▶ [TASK]:
The entries below are to be restated exactly, and their images are to be omitted.

▶ [Excerpts from a dataset]:
○ ○ ○ ○
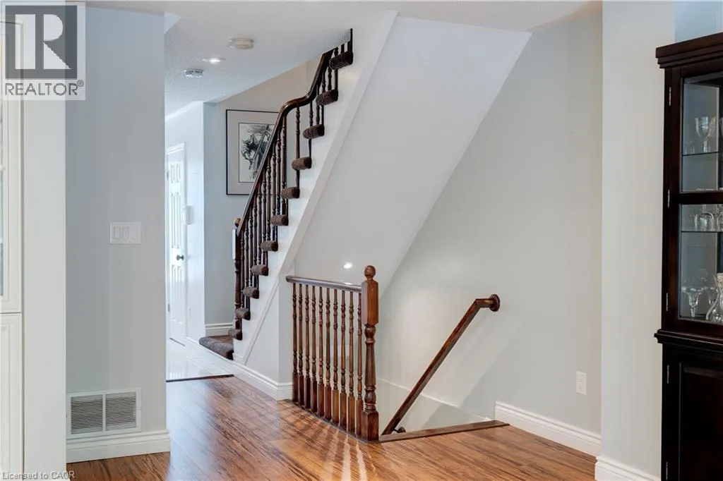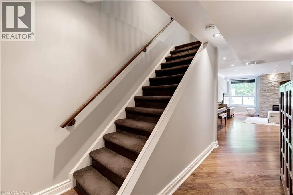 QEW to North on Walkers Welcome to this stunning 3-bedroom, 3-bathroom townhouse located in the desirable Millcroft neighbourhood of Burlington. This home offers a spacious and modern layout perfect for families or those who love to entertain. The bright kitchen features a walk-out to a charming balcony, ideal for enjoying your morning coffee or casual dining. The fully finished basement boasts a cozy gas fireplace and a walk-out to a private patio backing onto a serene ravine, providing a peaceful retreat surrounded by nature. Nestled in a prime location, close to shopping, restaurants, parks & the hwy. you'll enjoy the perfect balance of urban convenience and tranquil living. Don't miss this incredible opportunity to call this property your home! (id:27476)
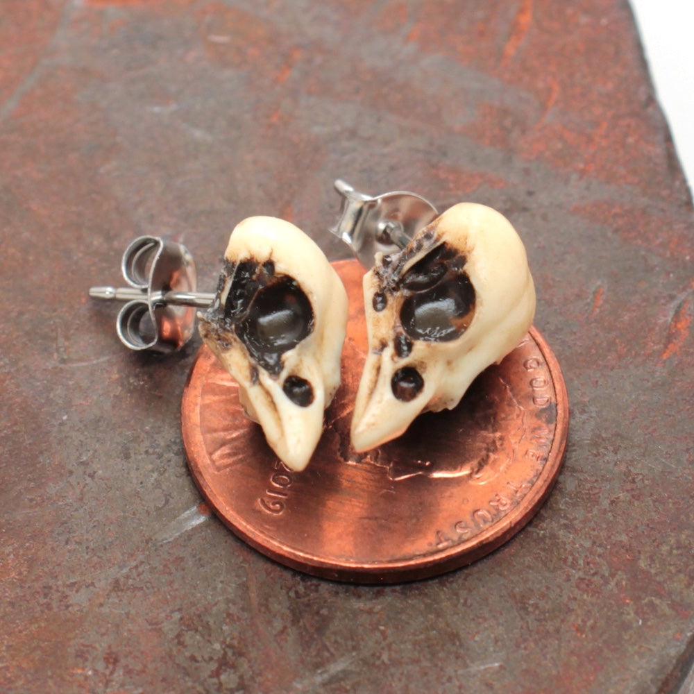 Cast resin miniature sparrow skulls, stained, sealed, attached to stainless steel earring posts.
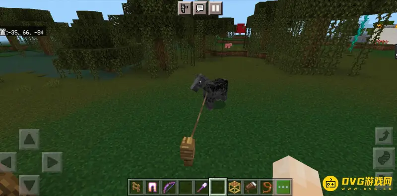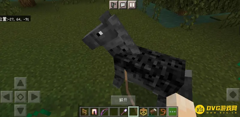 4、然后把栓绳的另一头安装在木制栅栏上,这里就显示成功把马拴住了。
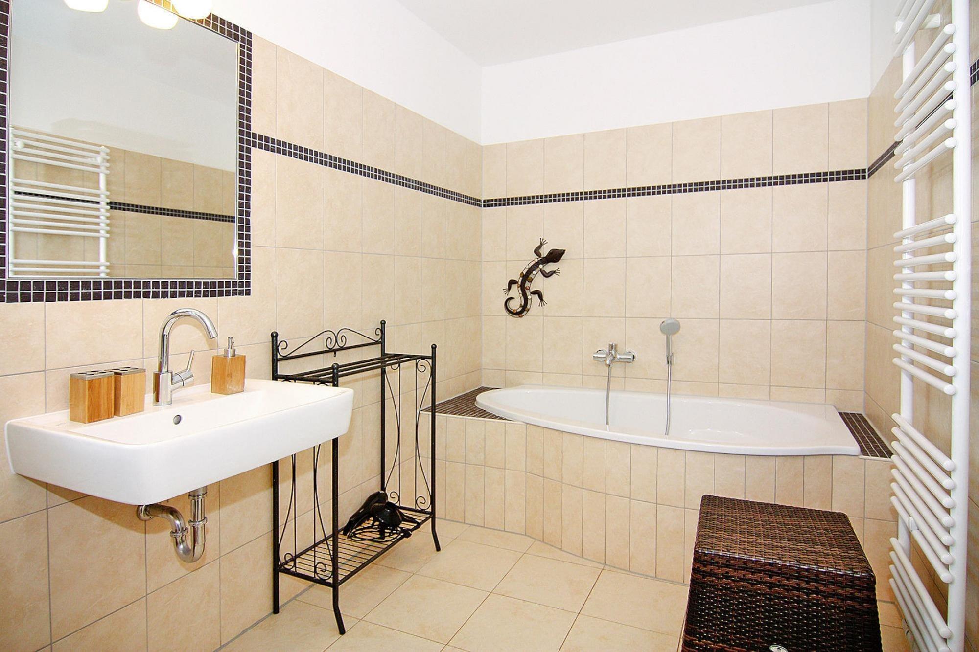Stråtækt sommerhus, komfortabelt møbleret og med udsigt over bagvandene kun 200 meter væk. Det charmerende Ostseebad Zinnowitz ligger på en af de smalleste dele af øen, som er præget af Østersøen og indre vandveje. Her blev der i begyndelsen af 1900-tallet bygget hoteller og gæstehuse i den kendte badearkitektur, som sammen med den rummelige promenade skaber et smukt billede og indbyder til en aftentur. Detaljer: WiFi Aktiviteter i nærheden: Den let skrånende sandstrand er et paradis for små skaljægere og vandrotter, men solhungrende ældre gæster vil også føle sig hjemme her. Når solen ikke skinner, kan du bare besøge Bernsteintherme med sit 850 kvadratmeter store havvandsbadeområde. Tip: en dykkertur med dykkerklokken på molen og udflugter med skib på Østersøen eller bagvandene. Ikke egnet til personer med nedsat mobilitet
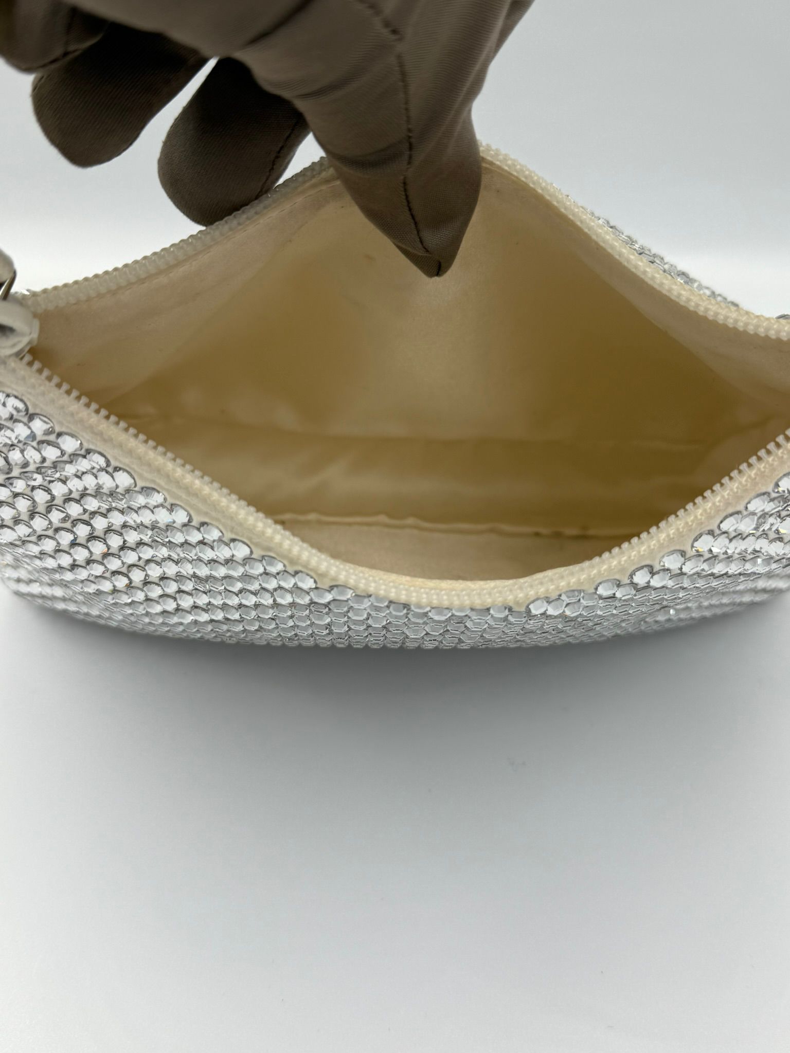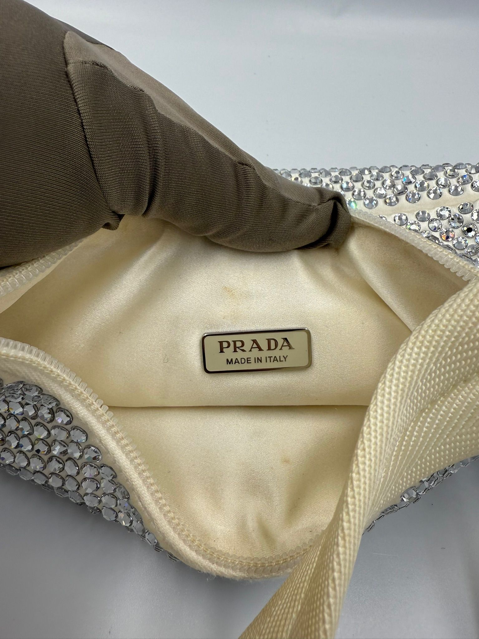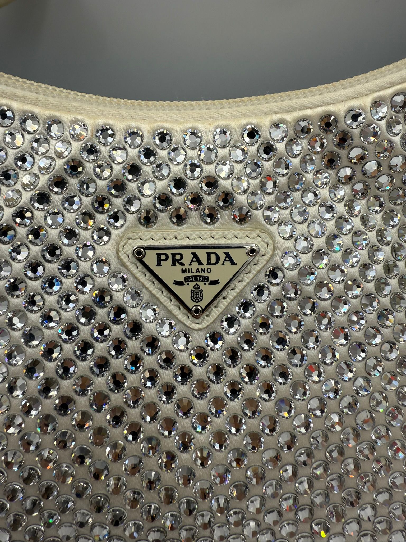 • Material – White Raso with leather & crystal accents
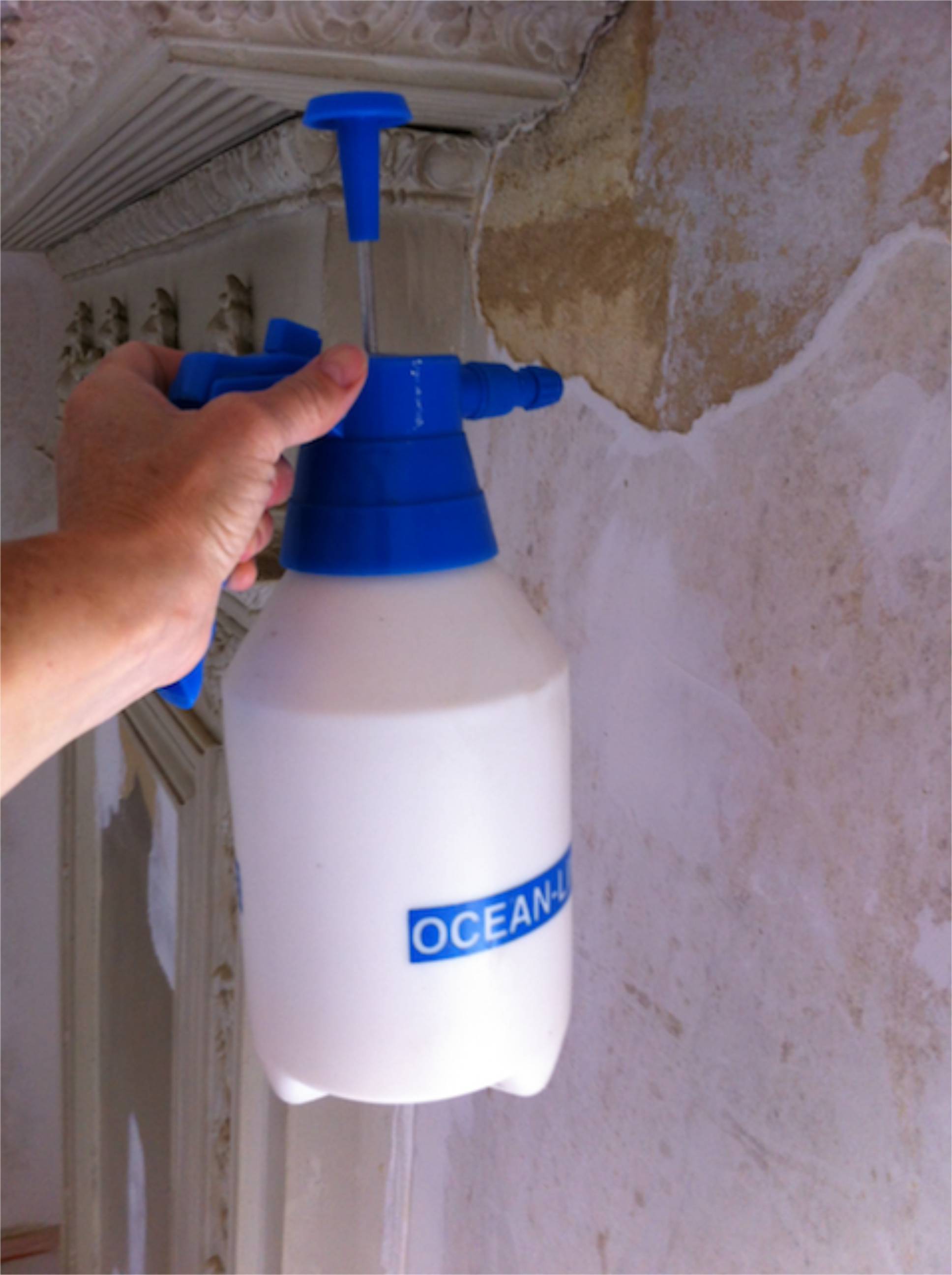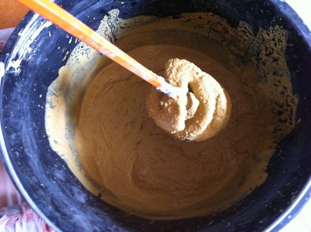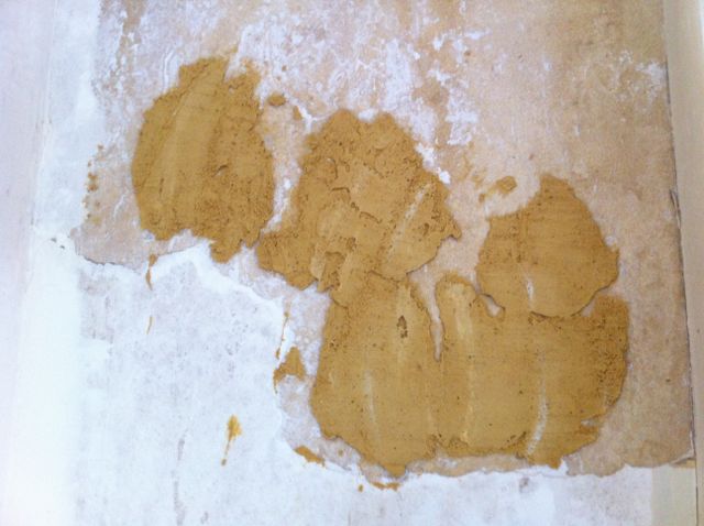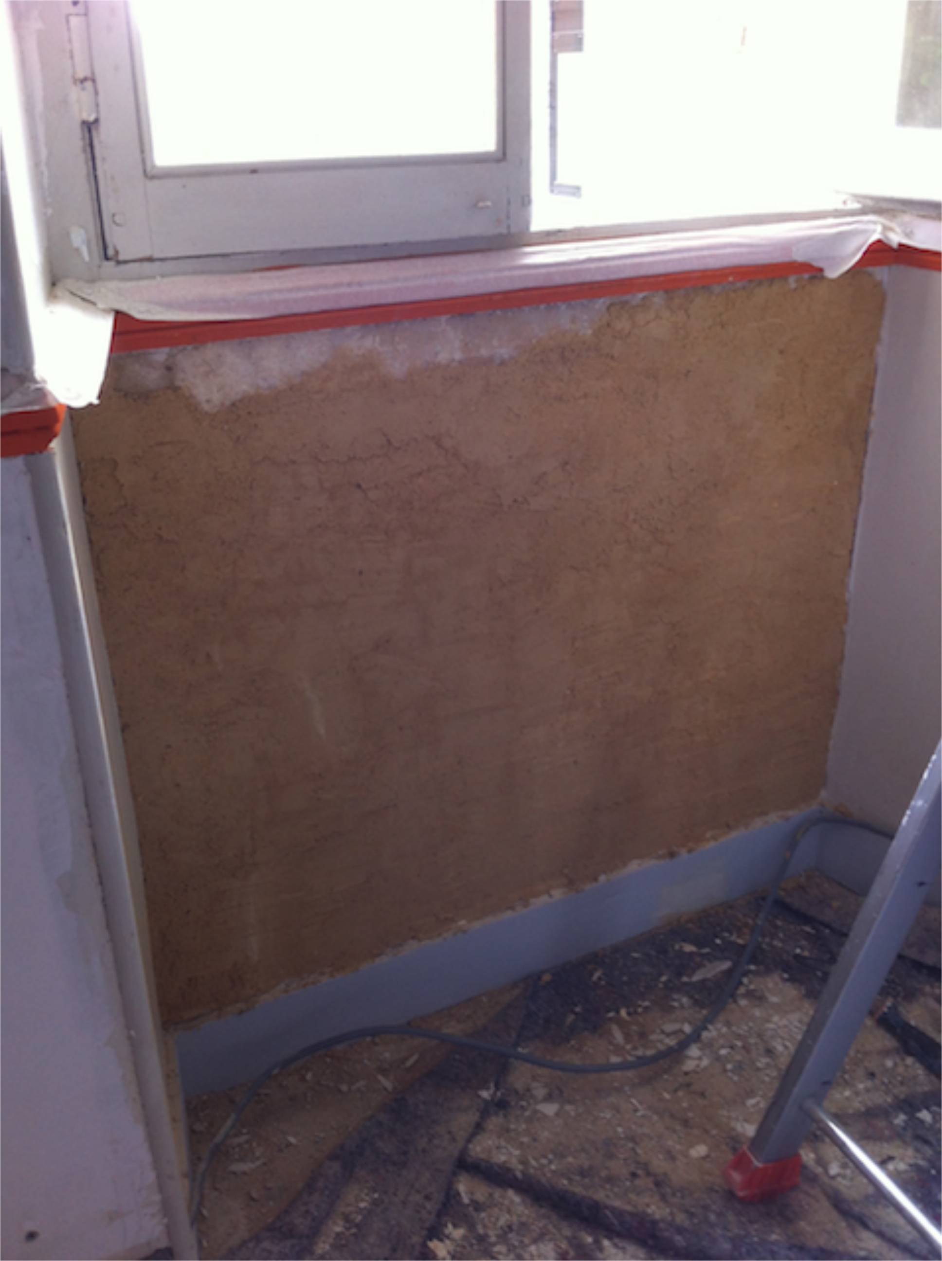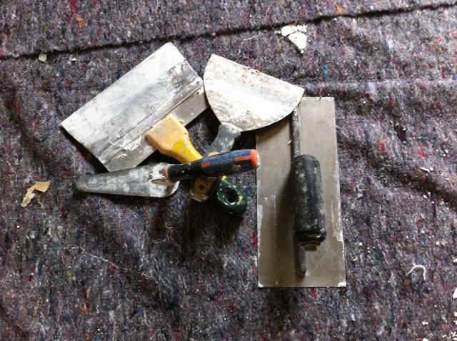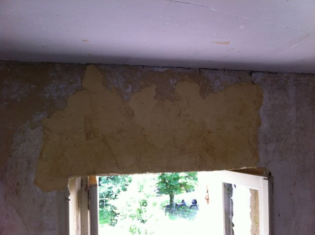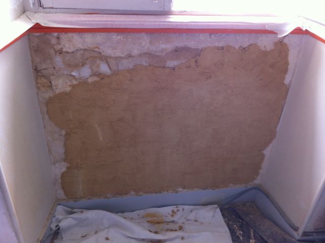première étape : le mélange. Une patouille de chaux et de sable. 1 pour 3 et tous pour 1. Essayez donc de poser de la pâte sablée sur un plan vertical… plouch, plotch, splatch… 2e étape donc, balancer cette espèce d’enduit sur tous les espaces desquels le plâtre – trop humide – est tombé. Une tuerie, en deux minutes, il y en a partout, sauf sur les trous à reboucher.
○ ○ ○ ○
▶ [OUTPUT FOR THIS EXERCISE]:
 QEW to North on Walkers Welcome to this stunning 3-bedroom, 3-bathroom townhouse located in the desirable Millcroft neighbourhood of Burlington. This home offers a spacious and modern layout perfect for families or those who love to entertain. The bright kitchen features a walk-out to a charming balcony, ideal for enjoying your morning coffee or casual dining. The fully finished basement boasts a cozy gas fireplace and a walk-out to a private patio backing onto a serene ravine, providing a peaceful retreat surrounded by nature. Nestled in a prime location, close to shopping, restaurants, parks & the hwy. you'll enjoy the perfect balance of urban convenience and tranquil living. Don't miss this incredible opportunity to call this property your home! (id:27476)
 Cast resin miniature sparrow skulls, stained, sealed, attached to stainless steel earring posts.
 4、然后把栓绳的另一头安装在木制栅栏上,这里就显示成功把马拴住了。
Stråtækt sommerhus, komfortabelt møbleret og med udsigt over bagvandene kun 200 meter væk. Det charmerende Ostseebad Zinnowitz ligger på en af de smalleste dele af øen, som er præget af Østersøen og indre vandveje. Her blev der i begyndelsen af 1900-tallet bygget hoteller og gæstehuse i den kendte badearkitektur, som sammen med den rummelige promenade skaber et smukt billede og indbyder til en aftentur. Detaljer: WiFi Aktiviteter i nærheden: Den let skrånende sandstrand er et paradis for små skaljægere og vandrotter, men solhungrende ældre gæster vil også føle sig hjemme her. Når solen ikke skinner, kan du bare besøge Bernsteintherme med sit 850 kvadratmeter store havvandsbadeområde. Tip: en dykkertur med dykkerklokken på molen og udflugter med skib på Østersøen eller bagvandene. Ikke egnet til personer med nedsat mobilitet
 • Material – White Raso with leather & crystal accents
première étape : le mélange. Une patouille de chaux et de sable. 1 pour 3 et tous pour 1. Essayez donc de poser de la pâte sablée sur un plan vertical… plouch, plotch, splatch… 2e étape donc, balancer cette espèce d’enduit sur tous les espaces desquels le plâtre – trop humide – est tombé. Une tuerie, en deux minutes, il y en a partout, sauf sur les trous à reboucher.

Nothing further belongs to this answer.